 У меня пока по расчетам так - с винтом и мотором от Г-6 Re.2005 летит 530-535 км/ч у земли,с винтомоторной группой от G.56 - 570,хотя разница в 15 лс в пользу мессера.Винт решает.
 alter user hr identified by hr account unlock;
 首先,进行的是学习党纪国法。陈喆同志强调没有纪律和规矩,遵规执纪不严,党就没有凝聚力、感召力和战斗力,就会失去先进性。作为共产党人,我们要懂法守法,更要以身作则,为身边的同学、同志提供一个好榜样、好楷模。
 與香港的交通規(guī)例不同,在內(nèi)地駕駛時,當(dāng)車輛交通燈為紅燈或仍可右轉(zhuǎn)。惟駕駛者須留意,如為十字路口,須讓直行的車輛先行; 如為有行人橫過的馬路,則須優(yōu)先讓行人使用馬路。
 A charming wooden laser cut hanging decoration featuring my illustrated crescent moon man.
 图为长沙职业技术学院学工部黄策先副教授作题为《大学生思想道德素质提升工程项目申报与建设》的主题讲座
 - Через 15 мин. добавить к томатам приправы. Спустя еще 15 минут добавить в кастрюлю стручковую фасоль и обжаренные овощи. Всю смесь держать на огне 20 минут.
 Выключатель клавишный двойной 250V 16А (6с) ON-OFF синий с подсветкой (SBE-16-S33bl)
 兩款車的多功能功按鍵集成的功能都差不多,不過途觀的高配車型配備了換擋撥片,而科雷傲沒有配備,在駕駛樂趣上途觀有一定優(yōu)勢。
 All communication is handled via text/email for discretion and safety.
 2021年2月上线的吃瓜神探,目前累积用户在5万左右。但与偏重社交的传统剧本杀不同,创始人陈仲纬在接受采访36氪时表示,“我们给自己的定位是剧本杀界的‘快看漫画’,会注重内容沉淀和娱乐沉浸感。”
------------------------
# Work instructions:
The line containing "Выключатель клавишный двойной" begins the span, and the last line of the records above ends it. Return that span exactly, and nothing outside it.

# Your solution:
 Выключатель клавишный двойной 250V 16А (6с) ON-OFF синий с подсветкой (SBE-16-S33bl)
 兩款車的多功能功按鍵集成的功能都差不多,不過途觀的高配車型配備了換擋撥片,而科雷傲沒有配備,在駕駛樂趣上途觀有一定優(yōu)勢。
 All communication is handled via text/email for discretion and safety.
 2021年2月上线的吃瓜神探,目前累积用户在5万左右。但与偏重社交的传统剧本杀不同,创始人陈仲纬在接受采访36氪时表示,“我们给自己的定位是剧本杀界的‘快看漫画’,会注重内容沉淀和娱乐沉浸感。”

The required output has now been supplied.